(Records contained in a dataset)
--- START ---

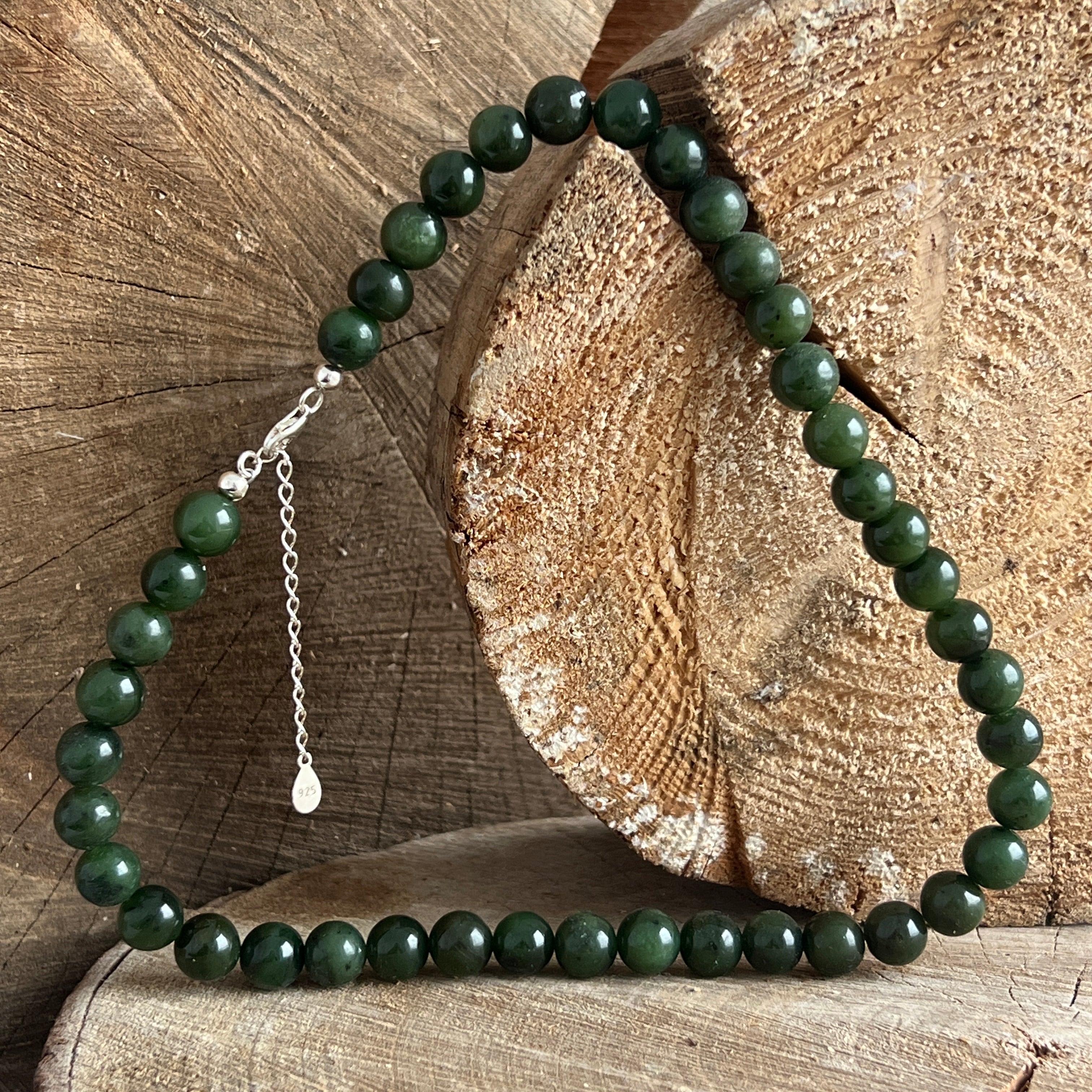 Ένα κολιέ με παρουσία, δύναμη και σιωπηλή ευγένεια - που δημιουργήθηκε από χάντρες στρογγυλής νεφρίτη Jade των 10 mm, το καθένα μετέφερε στο βάθος της την ήσυχη αναπνοή της φύσης και της παράδοσης.
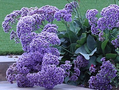 Also known as marsh rosemary and sea foam, this herbaceous perennial is native to the coasts of the Canary Islands but is valued as a garden plant worldwide. It is a member of the leadwort family, Plumbaginaceae, that also includes thrifts. The plant grows up to 3′ tall and has a woody rhizome that forms a basal rosette of leathery, oval to round leaves with long petioles and wavy margins. The leaf blade is 1.5-6″ long, 1-2 3/4″ wide, and pinnately veined. From spring through summer, stiff, branching reddish stems up to 18′ long bear 8″ wide domed clusters of small flowers with white petals and lavender, papery sepals that resemble petals. The flowers are attractive to butterflies, dry well and are beautiful in dried and fresh arrangements. The plants are tolerant of heat, drought, salt spray ,and wind so are an excellent choice for seaside gardens as well as for xeriscapes, containers, and butterfly and rock gardens. The genus name, Limonium, is from the ancient Greek word λειμών (leimṓn) meaning meadow, referring to the habitat of many species. The specific epithet, perezii, honors Dr. George V. Perez, a medical doctor who sent seed of several different statice species to Kew in 1902.
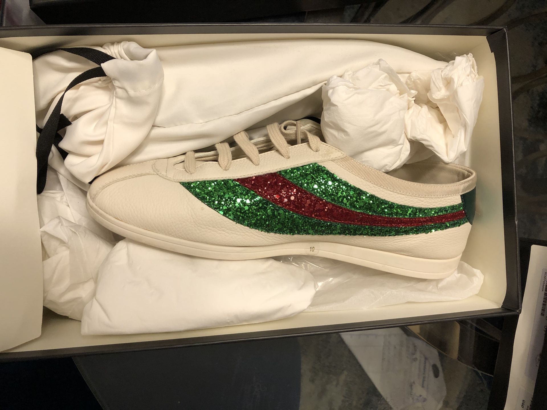 Worn 1x Gucci glitter sneaker size (43)(10). Og all no trades. Need gone ASAP only serious inquiries. Retail shown in pics
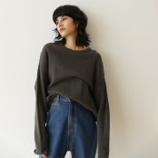 首元は詰まったクルーネックで大人っぽい印象に仕上げました。
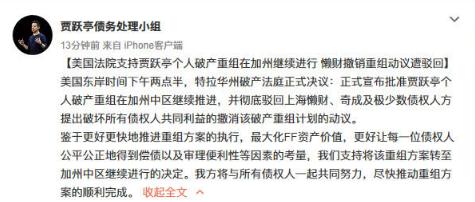 12 月 19 日早間,賈躍亭債務(wù)處理小組微博賬號 19 日公開(kāi)表示,美國東岸時(shí)間下午兩點(diǎn)半,特拉華州破產(chǎn)法庭正式?jīng)Q議:正式宣布批準賈躍亭個(gè)人破產(chǎn)重組在加州中區繼續推進(jìn),駁回上海懶財、奇成及極少數債權人方提出破壞所有債權人共同利益的撒消該破產(chǎn)重組計劃的動(dòng)議。
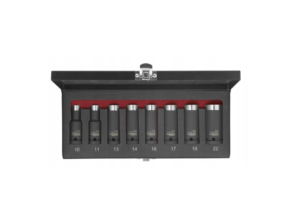 Parkside Performance 8dílná sada dlouhých nástrčných klíčů pro rázové utahováky, 10–22 mm, 1/2"
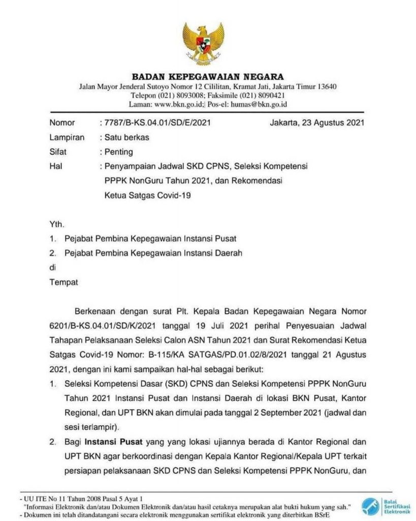 Dalam surat BKN bernomor 7787/B-KS.04.01/SD/E/2021 itu, disebutkan bahwa SKD CPNS dan Seleksi Kompetensi PPPK Non Guru tahun 2021, baik untuk instansi pusat maupun daerah, akan digelar mulai 2 September 2021. Adapun penyelenggaraan ujian SKD CPNS 2021 akan berlokasi di BKN Pusat, Kantor Regional, serta UPT BKN.

--- END ---

Exercise instructions: From the first line to the last, repeat the entries exactly and leave out the pictures.

Written solution:
 Ένα κολιέ με παρουσία, δύναμη και σιωπηλή ευγένεια - που δημιουργήθηκε από χάντρες στρογγυλής νεφρίτη Jade των 10 mm, το καθένα μετέφερε στο βάθος της την ήσυχη αναπνοή της φύσης και της παράδοσης.
 Also known as marsh rosemary and sea foam, this herbaceous perennial is native to the coasts of the Canary Islands but is valued as a garden plant worldwide. It is a member of the leadwort family, Plumbaginaceae, that also includes thrifts. The plant grows up to 3′ tall and has a woody rhizome that forms a basal rosette of leathery, oval to round leaves with long petioles and wavy margins. The leaf blade is 1.5-6″ long, 1-2 3/4″ wide, and pinnately veined. From spring through summer, stiff, branching reddish stems up to 18′ long bear 8″ wide domed clusters of small flowers with white petals and lavender, papery sepals that resemble petals. The flowers are attractive to butterflies, dry well and are beautiful in dried and fresh arrangements. The plants are tolerant of heat, drought, salt spray ,and wind so are an excellent choice for seaside gardens as well as for xeriscapes, containers, and butterfly and rock gardens. The genus name, Limonium, is from the ancient Greek word λειμών (leimṓn) meaning meadow, referring to the habitat of many species. The specific epithet, perezii, honors Dr. George V. Perez, a medical doctor who sent seed of several different statice species to Kew in 1902.
 Worn 1x Gucci glitter sneaker size (43)(10). Og all no trades. Need gone ASAP only serious inquiries. Retail shown in pics
 首元は詰まったクルーネックで大人っぽい印象に仕上げました。
 12 月 19 日早間,賈躍亭債務(wù)處理小組微博賬號 19 日公開(kāi)表示,美國東岸時(shí)間下午兩點(diǎn)半,特拉華州破產(chǎn)法庭正式?jīng)Q議:正式宣布批準賈躍亭個(gè)人破產(chǎn)重組在加州中區繼續推進(jìn),駁回上海懶財、奇成及極少數債權人方提出破壞所有債權人共同利益的撒消該破產(chǎn)重組計劃的動(dòng)議。
 Parkside Performance 8dílná sada dlouhých nástrčných klíčů pro rázové utahováky, 10–22 mm, 1/2"
 Dalam surat BKN bernomor 7787/B-KS.04.01/SD/E/2021 itu, disebutkan bahwa SKD CPNS dan Seleksi Kompetensi PPPK Non Guru tahun 2021, baik untuk instansi pusat maupun daerah, akan digelar mulai 2 September 2021. Adapun penyelenggaraan ujian SKD CPNS 2021 akan berlokasi di BKN Pusat, Kantor Regional, serta UPT BKN.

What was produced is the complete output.